“A fascinating example of a smaller English country house at its idiosyncratic best, Nether Winchendon is medieval in its origins, but now predominantly Tudor with a light-hearted overlay of late eighteenth-century Gothick which suits it remarkable well.” [John Julius Norwich: ‘The Architecture of Southern England’]
“Intimate and unassuming, Nether Winchendon, has, one feels, always been loved by its owners but never allowed to dominate them. It radiates an air of friendliness and charm.” [Idem, page 67]
“Medieval or Georgian Gothic? Tudor, Jacobean, or nineteenth-century reconstruction? Nether Winchendon House beguiles the eye and teases the mind to equal degree.” [Anna Sproule and Michael Pollard: ‘The Country House Guide’]
“A very interesting house, too little known.” [Sir Nicolaus Pevsner: ‘The Buildings of England, Buckinghamshire, 1960’]
Nether Winchendon House is included in “England’s Thousand Best Houses” and the Church of St. Nicholas, Nether Winchendon, is included in “England’s Thousand Best Churches” both by Sir Simon Jenkins.
Nether Winchendon House is listed Grade I. The house and its grounds comprise about seven acres of garden with fine and rare trees and shrubs. The house is lived in by the present owner, Robert Spencer Bernard (pronounced Spencer Barnard), his wife Georgianna and their family. The house contains fine family portraits of the owner’s forbears since the beginning of the 17th century and good English furniture spanning the 17th to 19th Centuries. Since 1956 it has been open to the public who are welcomed into a home in which the family live. It is a founder member of the Historic Houses Association.
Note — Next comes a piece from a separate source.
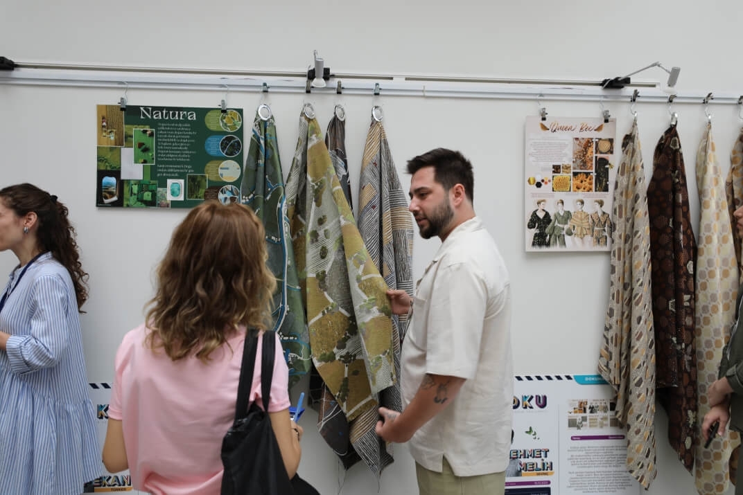 Bursa’da gerçekleşen Uygulamalı Eğitim Süreci’nin finalistlerin kumaş tasarımları kumaş üreticisi firmalarda üretilmiştir.
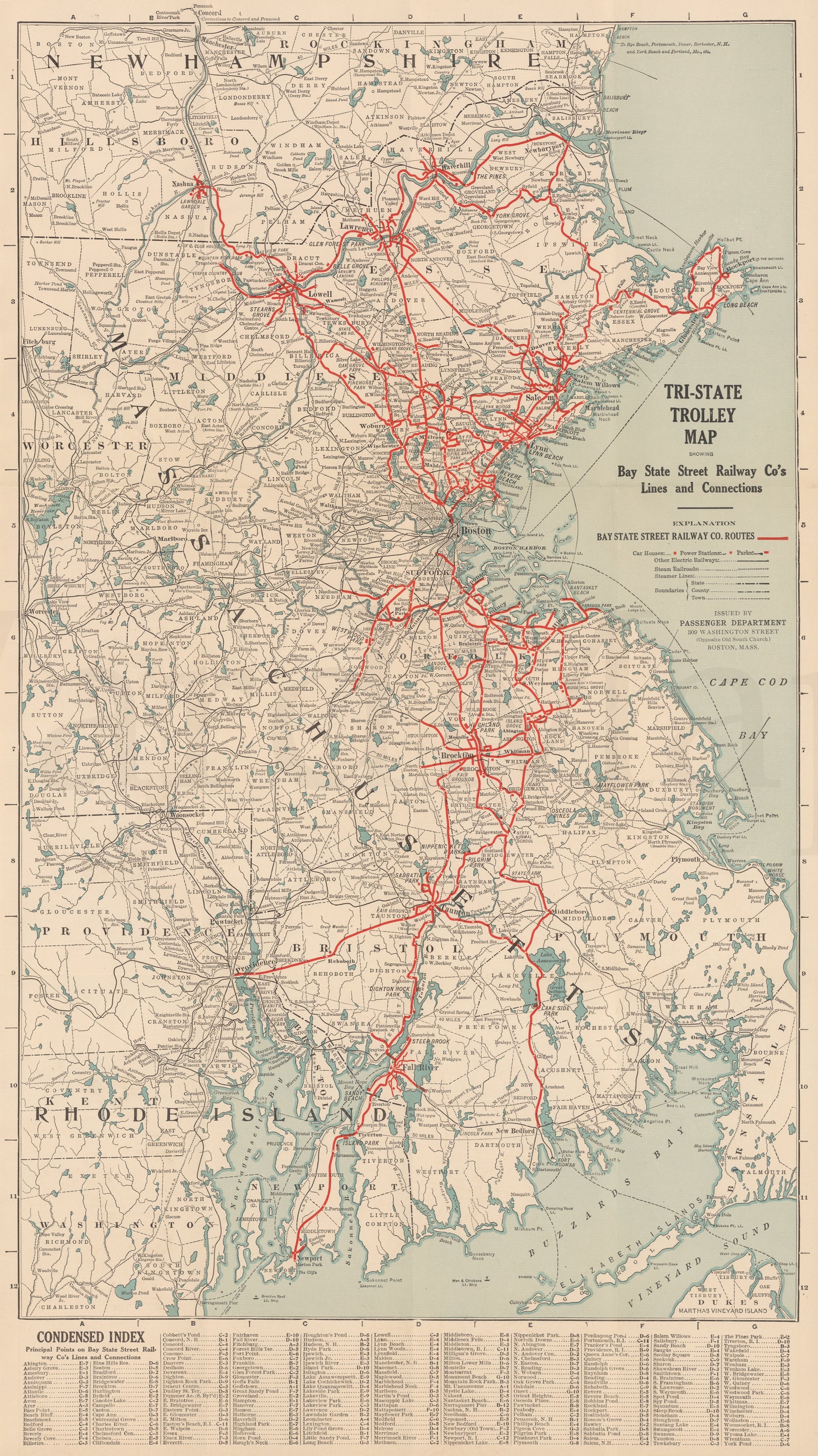 Tri-State Trolley Map (Massachusetts, New Hampshire, Rhode Island) 1913

The property is shown in Domesday Book (1086) as having been the property of Walter Giffard, newly created Earl of Buckingham, and before the Norman Conquest the property of Queen Edith, wife of King Edward the Confessor. It had an annual valuation of 12 pounds together with a Mill worth 20 shillings and four score eels.
Nether Winchendon House dates from the middle of the 12th century. Walter Giffard, grandson of the Walter Giffard of the Domesday Book entry, gave the Manor of Nether Winchendon in 1162, the year in which Thomas a Becket became Archbishop of Canterbury, as part of his Endowment of Notley Abbey which he was founding nearby for Augustinian canons from Arras,. The property remained vested in the Abbot of Notley until the Dissolution of the Monasteries in the 1530’s.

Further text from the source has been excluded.